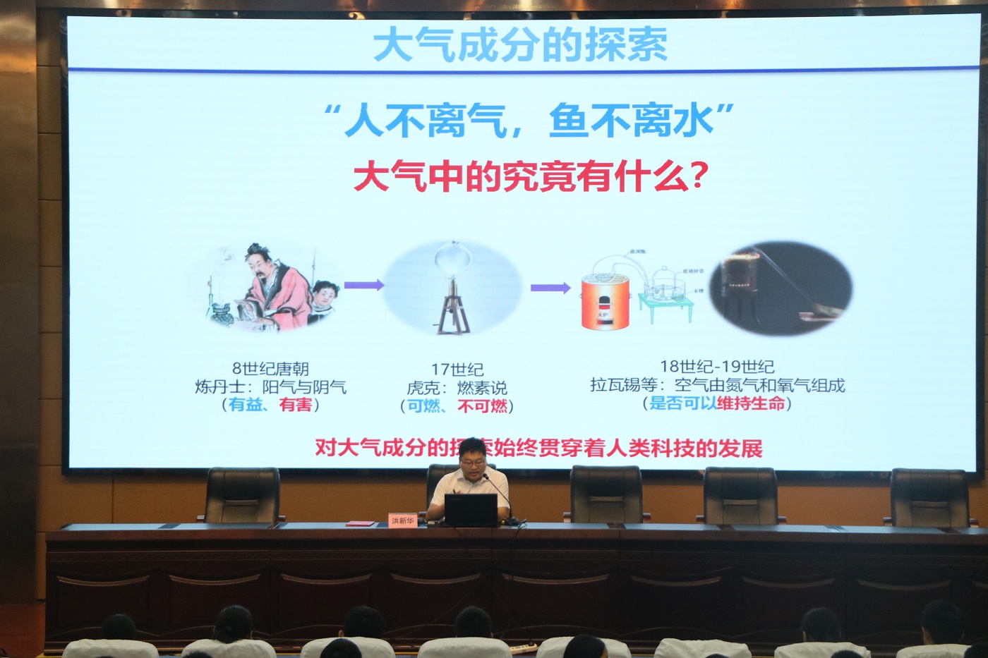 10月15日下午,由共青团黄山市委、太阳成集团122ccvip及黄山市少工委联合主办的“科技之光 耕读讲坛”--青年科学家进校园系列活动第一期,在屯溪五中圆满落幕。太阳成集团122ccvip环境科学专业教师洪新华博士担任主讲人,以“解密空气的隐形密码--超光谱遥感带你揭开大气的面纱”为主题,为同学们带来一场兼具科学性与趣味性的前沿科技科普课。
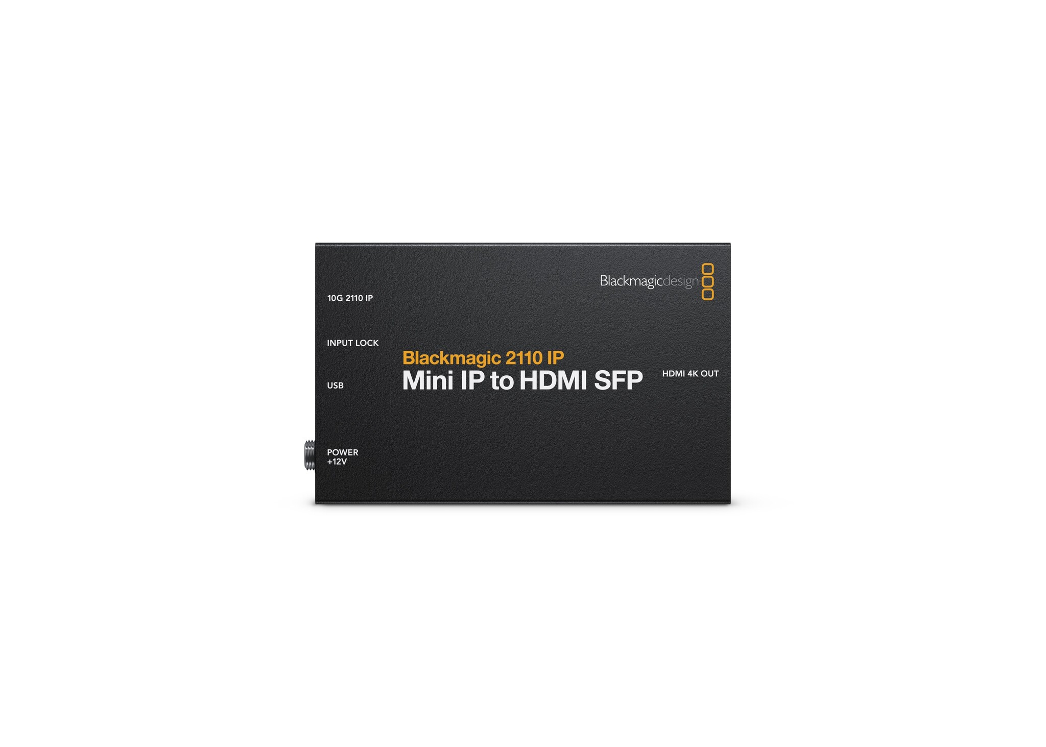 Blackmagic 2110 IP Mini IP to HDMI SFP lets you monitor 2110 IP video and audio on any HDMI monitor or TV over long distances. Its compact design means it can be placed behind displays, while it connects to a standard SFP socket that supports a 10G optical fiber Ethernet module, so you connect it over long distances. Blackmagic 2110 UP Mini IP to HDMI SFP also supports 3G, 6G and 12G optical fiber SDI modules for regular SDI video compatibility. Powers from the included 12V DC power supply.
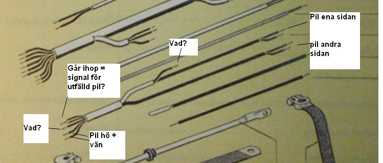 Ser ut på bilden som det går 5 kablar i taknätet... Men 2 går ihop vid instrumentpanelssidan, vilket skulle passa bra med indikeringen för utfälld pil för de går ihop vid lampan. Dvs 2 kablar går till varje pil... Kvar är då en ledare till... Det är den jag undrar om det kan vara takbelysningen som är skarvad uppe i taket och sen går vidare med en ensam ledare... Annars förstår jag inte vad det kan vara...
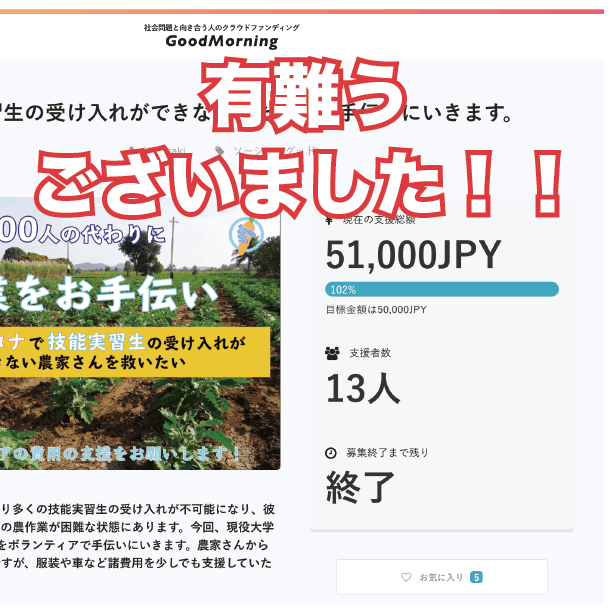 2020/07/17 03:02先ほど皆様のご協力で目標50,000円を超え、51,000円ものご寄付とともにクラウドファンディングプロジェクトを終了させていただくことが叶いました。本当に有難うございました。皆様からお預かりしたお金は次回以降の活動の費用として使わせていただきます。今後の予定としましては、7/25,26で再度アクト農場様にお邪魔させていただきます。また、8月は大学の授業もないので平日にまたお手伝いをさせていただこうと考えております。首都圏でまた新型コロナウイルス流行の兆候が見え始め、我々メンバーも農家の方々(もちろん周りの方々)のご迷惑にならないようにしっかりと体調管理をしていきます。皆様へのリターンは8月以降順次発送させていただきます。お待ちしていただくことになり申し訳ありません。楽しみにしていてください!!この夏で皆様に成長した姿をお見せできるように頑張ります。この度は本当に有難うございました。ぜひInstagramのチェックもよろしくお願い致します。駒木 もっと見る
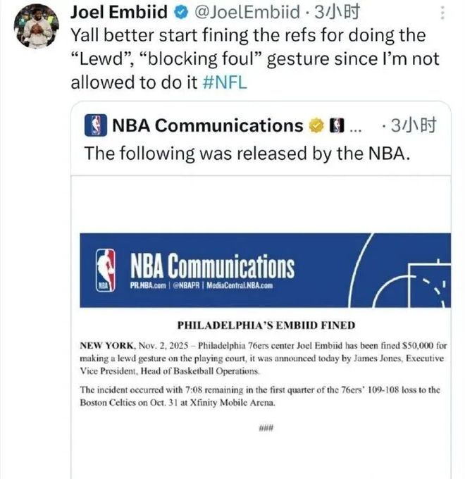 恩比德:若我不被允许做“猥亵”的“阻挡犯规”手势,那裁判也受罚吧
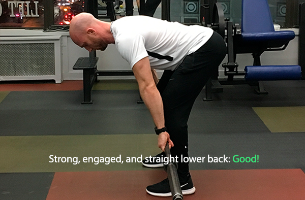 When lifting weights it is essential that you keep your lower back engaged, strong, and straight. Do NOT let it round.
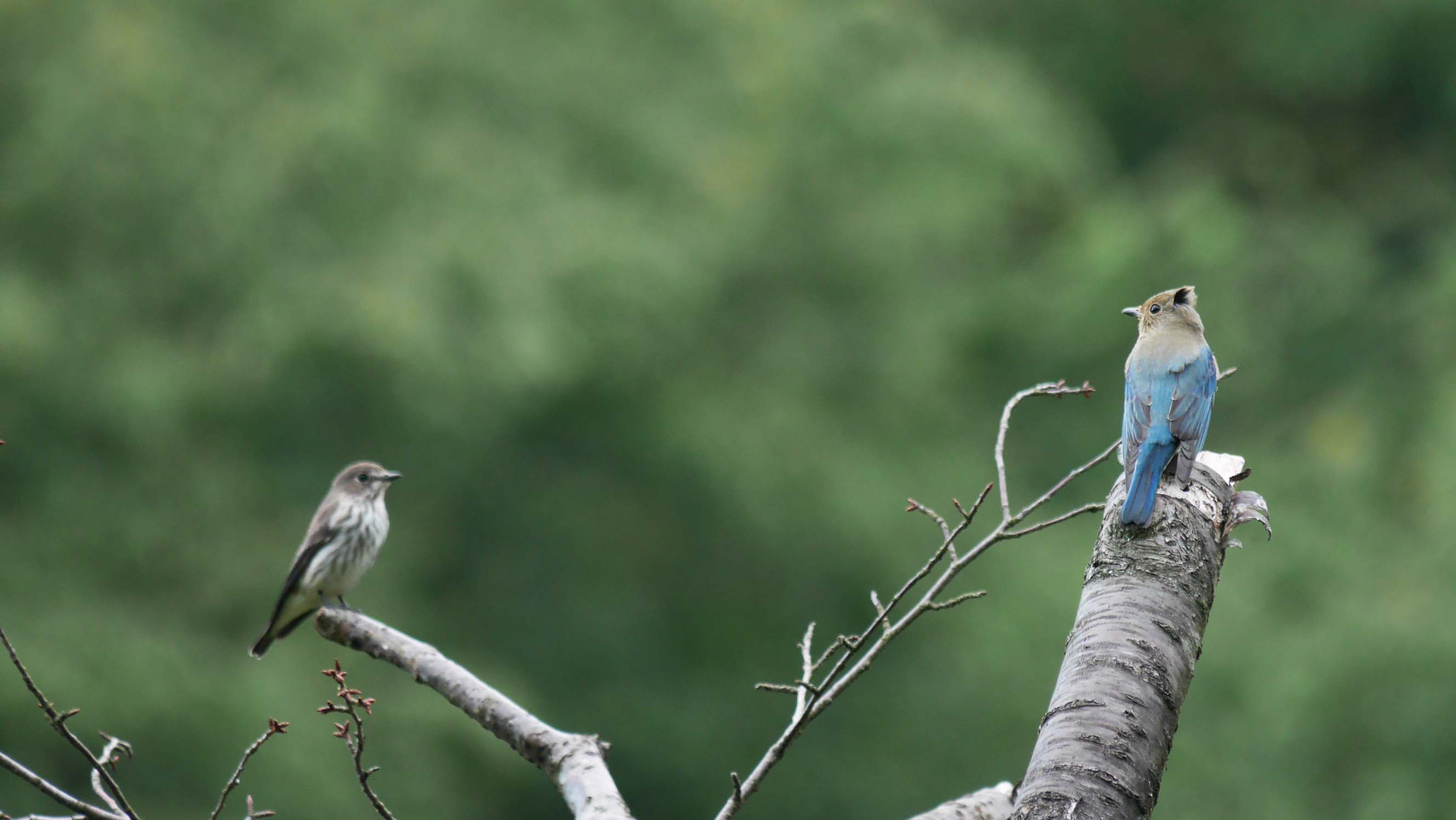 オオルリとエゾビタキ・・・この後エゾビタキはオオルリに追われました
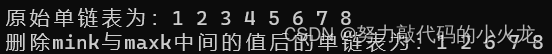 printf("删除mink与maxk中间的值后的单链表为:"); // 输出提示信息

= = = =

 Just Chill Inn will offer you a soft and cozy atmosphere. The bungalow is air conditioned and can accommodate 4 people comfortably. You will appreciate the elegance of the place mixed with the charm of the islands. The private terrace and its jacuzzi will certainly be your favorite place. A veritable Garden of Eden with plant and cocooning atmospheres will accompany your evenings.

= = = =

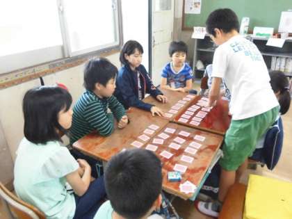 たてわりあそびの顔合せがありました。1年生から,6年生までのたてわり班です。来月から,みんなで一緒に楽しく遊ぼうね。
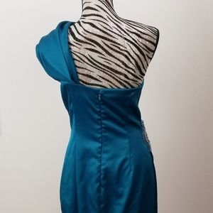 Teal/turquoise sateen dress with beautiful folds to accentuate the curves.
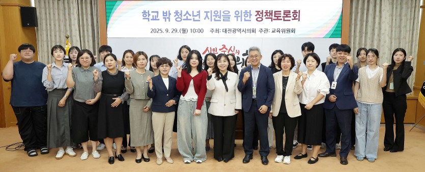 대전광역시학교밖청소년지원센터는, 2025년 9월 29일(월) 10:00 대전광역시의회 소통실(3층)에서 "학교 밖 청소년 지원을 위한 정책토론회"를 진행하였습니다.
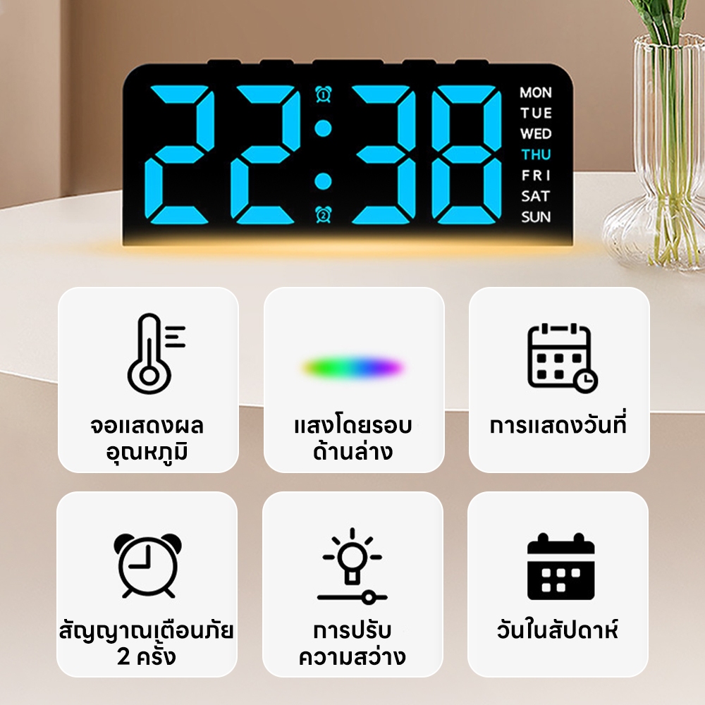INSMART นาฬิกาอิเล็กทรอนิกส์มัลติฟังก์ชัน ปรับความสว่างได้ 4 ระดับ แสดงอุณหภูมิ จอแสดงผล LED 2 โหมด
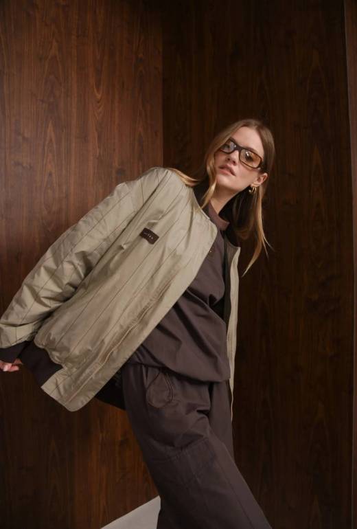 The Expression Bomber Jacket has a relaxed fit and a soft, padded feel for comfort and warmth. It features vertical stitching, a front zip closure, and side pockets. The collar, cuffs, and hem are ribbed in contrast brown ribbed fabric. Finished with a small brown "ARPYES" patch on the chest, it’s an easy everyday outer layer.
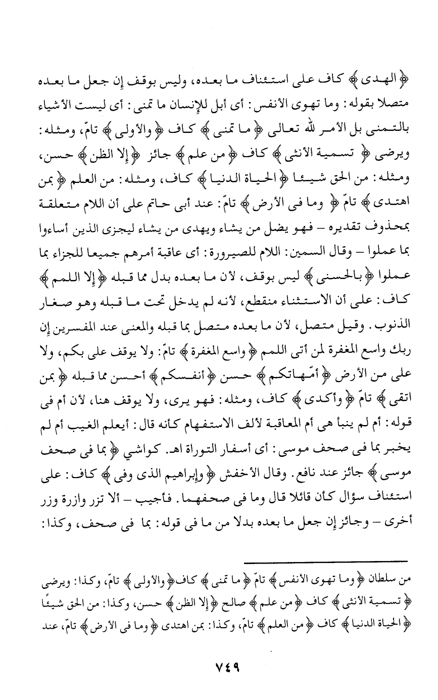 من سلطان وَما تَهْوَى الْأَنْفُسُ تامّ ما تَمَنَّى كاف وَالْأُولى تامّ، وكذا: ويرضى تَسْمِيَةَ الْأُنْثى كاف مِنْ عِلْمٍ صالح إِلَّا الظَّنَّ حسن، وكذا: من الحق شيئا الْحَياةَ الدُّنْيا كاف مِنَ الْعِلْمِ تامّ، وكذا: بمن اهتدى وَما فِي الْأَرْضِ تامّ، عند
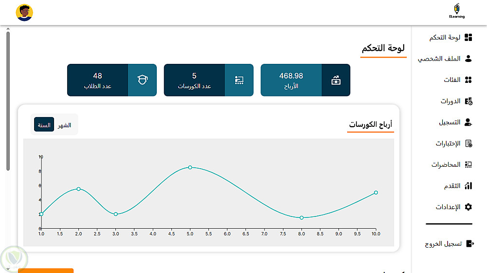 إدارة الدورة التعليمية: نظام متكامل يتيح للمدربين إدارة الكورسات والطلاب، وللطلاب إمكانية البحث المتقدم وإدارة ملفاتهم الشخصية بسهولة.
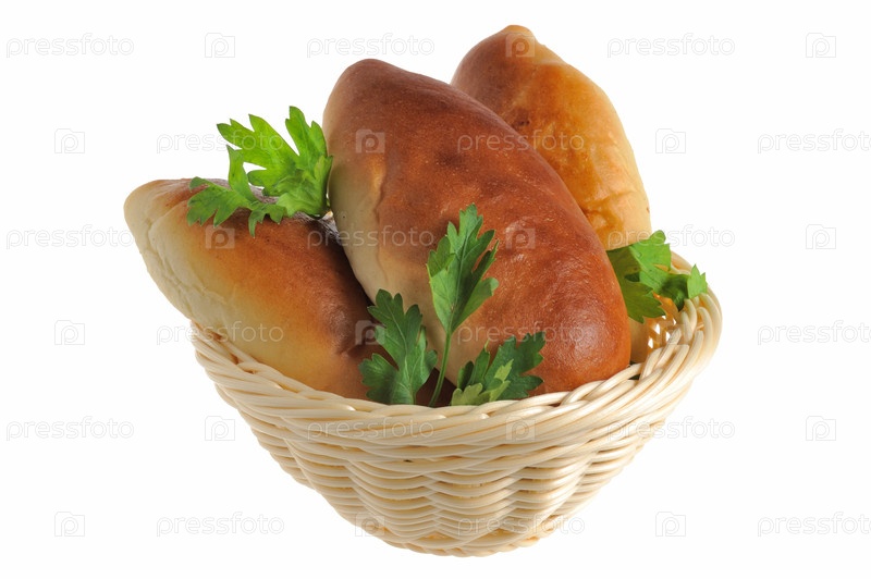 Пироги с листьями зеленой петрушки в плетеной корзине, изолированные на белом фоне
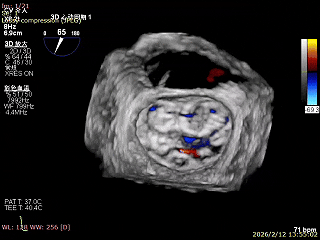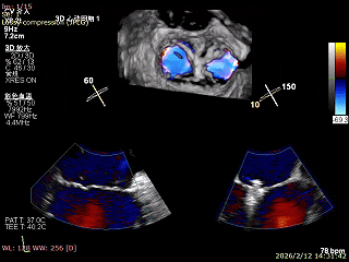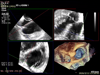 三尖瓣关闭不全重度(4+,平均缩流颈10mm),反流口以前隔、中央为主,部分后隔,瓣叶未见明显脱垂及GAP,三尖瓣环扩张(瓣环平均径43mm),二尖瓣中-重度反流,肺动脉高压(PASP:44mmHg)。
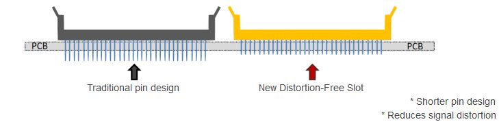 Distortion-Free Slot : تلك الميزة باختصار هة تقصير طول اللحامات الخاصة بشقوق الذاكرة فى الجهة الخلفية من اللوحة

= = = =

§ **What you have to do**
What's needed is an exact copy of the records above from the line containing "Teal/turquoise sateen dress" down to the line containing "三尖瓣关闭不全重度(4+,平", both included, without any pictures.

§ **Worked solution**
 Teal/turquoise sateen dress with beautiful folds to accentuate the curves.
 대전광역시학교밖청소년지원센터는, 2025년 9월 29일(월) 10:00 대전광역시의회 소통실(3층)에서 "학교 밖 청소년 지원을 위한 정책토론회"를 진행하였습니다.
INSMART นาฬิกาอิเล็กทรอนิกส์มัลติฟังก์ชัน ปรับความสว่างได้ 4 ระดับ แสดงอุณหภูมิ จอแสดงผล LED 2 โหมด
 The Expression Bomber Jacket has a relaxed fit and a soft, padded feel for comfort and warmth. It features vertical stitching, a front zip closure, and side pockets. The collar, cuffs, and hem are ribbed in contrast brown ribbed fabric. Finished with a small brown "ARPYES" patch on the chest, it’s an easy everyday outer layer.
 من سلطان وَما تَهْوَى الْأَنْفُسُ تامّ ما تَمَنَّى كاف وَالْأُولى تامّ، وكذا: ويرضى تَسْمِيَةَ الْأُنْثى كاف مِنْ عِلْمٍ صالح إِلَّا الظَّنَّ حسن، وكذا: من الحق شيئا الْحَياةَ الدُّنْيا كاف مِنَ الْعِلْمِ تامّ، وكذا: بمن اهتدى وَما فِي الْأَرْضِ تامّ، عند
 إدارة الدورة التعليمية: نظام متكامل يتيح للمدربين إدارة الكورسات والطلاب، وللطلاب إمكانية البحث المتقدم وإدارة ملفاتهم الشخصية بسهولة.
 Пироги с листьями зеленой петрушки в плетеной корзине, изолированные на белом фоне
 三尖瓣关闭不全重度(4+,平均缩流颈10mm),反流口以前隔、中央为主,部分后隔,瓣叶未见明显脱垂及GAP,三尖瓣环扩张(瓣环平均径43mm),二尖瓣中-重度反流,肺动脉高压(PASP:44mmHg)。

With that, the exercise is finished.